The Body is a Sanctuary

In the second section—“the body is a sanctuary”—McGahan tells how God pursued her. Many of the things she experiences and shares here are peculiar, dramatic, and lie well beyond my own Christian experience (just as many of her earlier experiences are remote from my pre-Christian experience).

McGahan’s conversion experience (and subsequent Christian life) sounds thoroughly (and suspiciously, no doubt, to some readers) charismatic. It is also a powerful reminder that God is gloriously free to work in ways that veer sharply away from the rules we try to work out for him. As I reflected on this I was reminded of a Nepalese church-planter I know who, when asked how people usually come to faith in his context, explains—as if it were the most ordinary thing in the world—“God miraculously heals them or sends them a vision, then they find some Christians and hear about Jesus.”
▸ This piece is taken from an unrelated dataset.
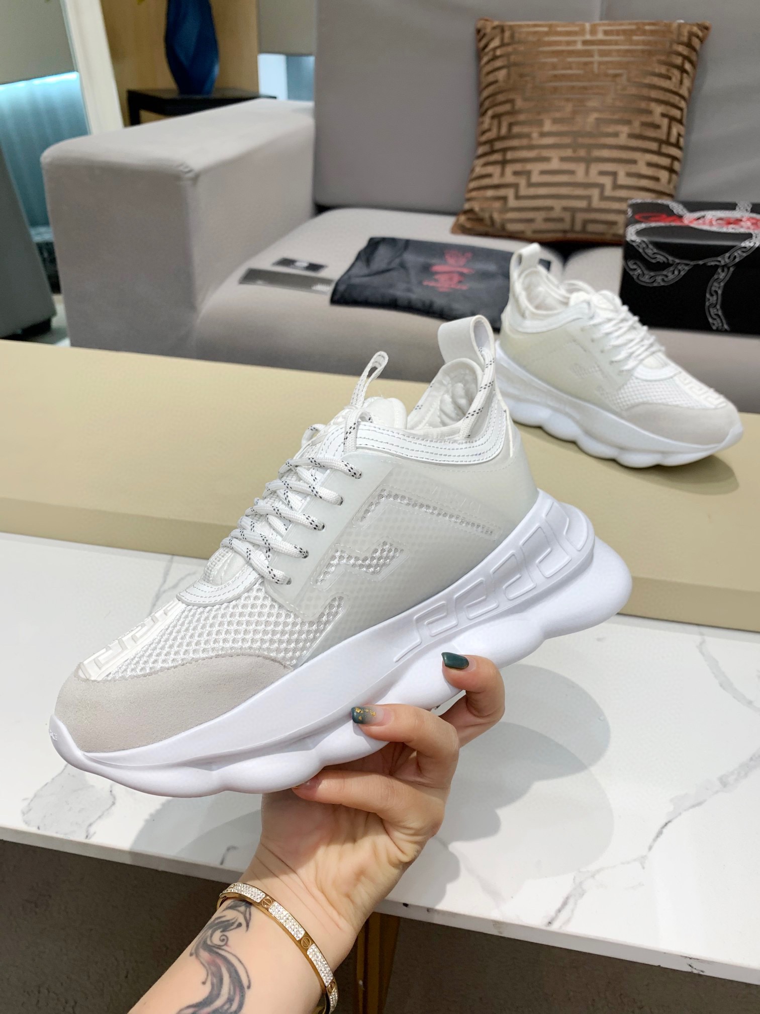 這款鞋子是AAAAA 1:1 質量(非常棒). 使用了和原版一模一樣的材料. 商標部分也保持了和范思哲/Versace一樣. 圖片拍攝是實物鞋子拍攝, 您所收到的實物保證和我們圖片一模一樣.

For her part, McGahan freely admits that much of what she experienced was out of the ordinary and unexpected. And she shows how, alongside these strange interventions, God was also working through ordinary Christians to challenge her unexamined but deeply-held reasons for refusing to consider faith in Christ. While supernatural experiences played a part in piercing that self-enclosed world, it was the strange normalcy of the Christians she met that opened her to faith. I found myself moved to tears of hope as I read this.

While supernatural experiences played a part in piercing that self-enclosed world, it was the strange normalcy of the Christians she met that opened her to faith.
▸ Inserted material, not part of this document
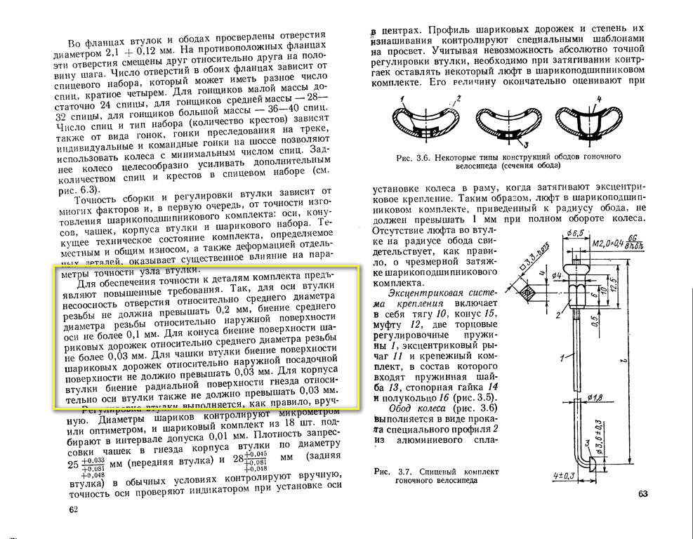 В картинке что выше про люфт тоже сказано. Что люфт должен быть до 1мм при полном обороте колеса! Такой люфт руками можно прощупать? Или все что прощупывается руками это уже более 1мм!? К чему спрашиваю, в соседних темах читал что люфта не должно быть вобще, но возможно ветка была про МТБ и всякие импортные втулки То если верить книге, люфт надо оставлять? |

Mindful of her readership, McGahan here begins to intersperse her memoir with some insightful reflections on her body and sexuality. These become increasing complexity as the book progresses—yet shine with a glittering simplicity and beauty. They may not be perfect—but they are gracious and winsome. I’m convinced personal reflections like these will be increasingly important to a world that sees Christian ethics as both strange and harmful.

The Limits of the Body

The next two sections are far shorter, focusing on the body as a broken jar of clay and the body as a tent—two aptly chosen images of the temporary and incomplete quality of Christian living.
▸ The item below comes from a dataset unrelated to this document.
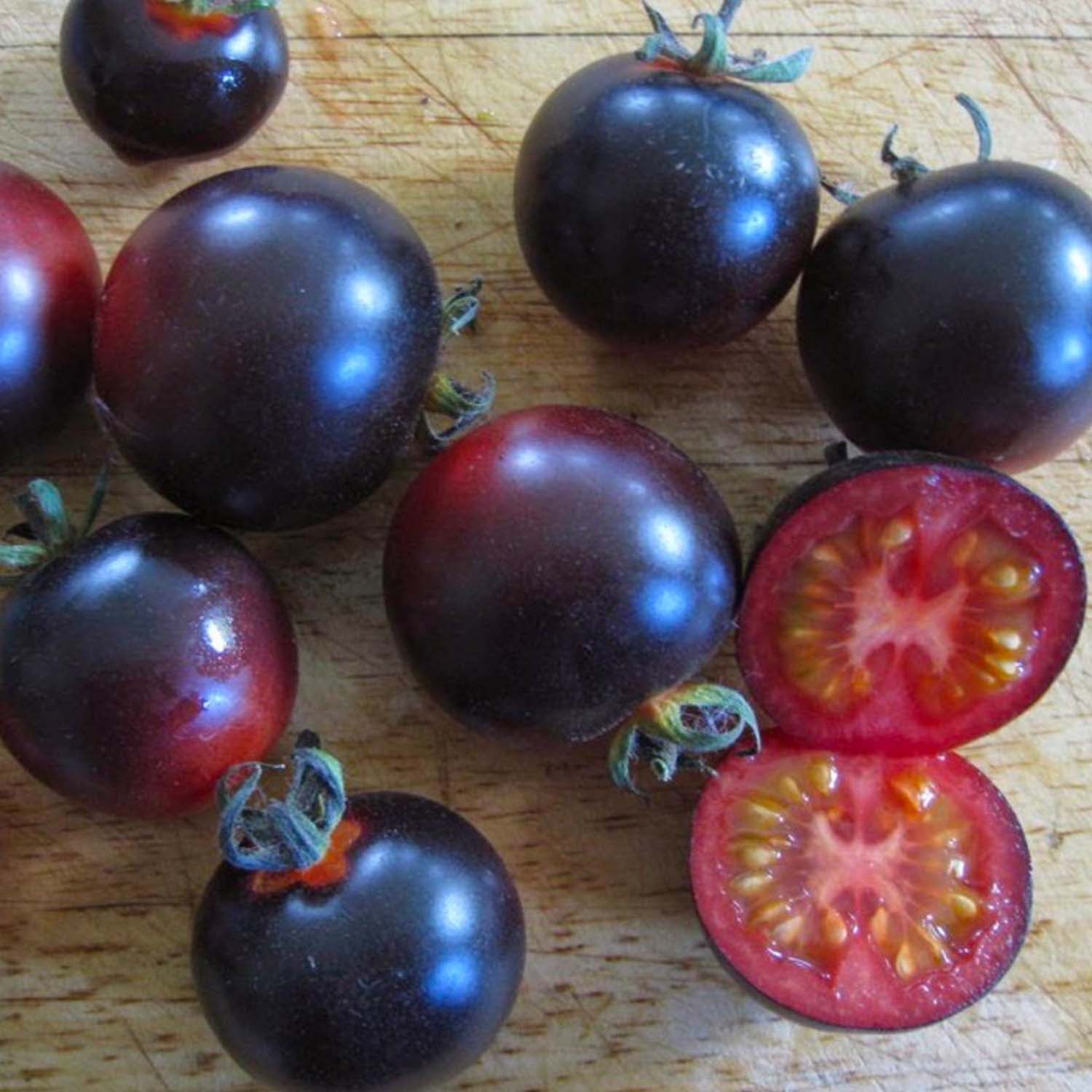 The Dancing with Smurfs Tomato is a whimsical and flavorful variety that adds a playful touch to any garden and culinary creation. These indeterminate tomatoes are known for their small to medium size and their vibrant, eye-catching appearance. The skin of Dancing with Smurfs tomatoes showcases a striking mix of blue, purple, and red hues, resembling the colors of the iconic Smurfs. Beyond their visual appeal, these tomatoes offer a delightful taste experience with a sweet and slightly tangy flavor, making them perfect for salads, snacking, and adding a colorful twist to dishes.

The former of these two sections is harrowing and moved me to outrage over the hypocrisy of the church and the failure of Christians (like me).

In the other section, McGahan relates the quite stunning way God used an unsettled season of her life to heal and guide her—and to teach her that one does not live on bread alone. As she moved back and forth between the creative communities in Melbourne, Sydney, Adelaide and LA, McGahan comes to see how ordinary Christians had played a part in her own salvation—a realisation that becomes the key to her own sense of calling.

Ongoing Redemption

The final three sections describe God’s ongoing work in redeeming and liberating McGahan’s life. This work carries her through a gradual discovery of community and friendship; and also a new friendship with her own body. It enfolds her longing for (and eventual) marriage and dramatically culminates in her pregnancy with and the birth of her first child.

Although less intense in some ways than the previous sections, McGahan’s story here displays the unvarnished, raw, unfinished—and yet somehow still joyful—texture of the Christian life. Reading the process of her maturing made me wince at times, but it also made me laugh, worship, and cheer for her.

One of the things I’ve been sitting with since I finished Metanoia is how this unique story about a unique young woman is at the same time the common story of Christians of my generation. And that’s not just because she listens to podcasts and watches Netflix!

In Anna McGahan and her story, I see my own friends and peers. I see emerging Christian leaders with whom I have the privilege of working. The more estranged Australia becomes from its Christianised past, the more stories like McGahan’s will need to play out—along with, no doubt, some weird and confronting parts. These stories will also need to be told—especially if they, like this one, can bear witness to the love of the Father, the compelling beauty of Jesus, and the transforming power of the Spirit. They give personal substance and weight to a lived apologetic for the Christian way.

As I say, I am profoundly grateful for this book. I praise God that it was written, and I pray it is widely read.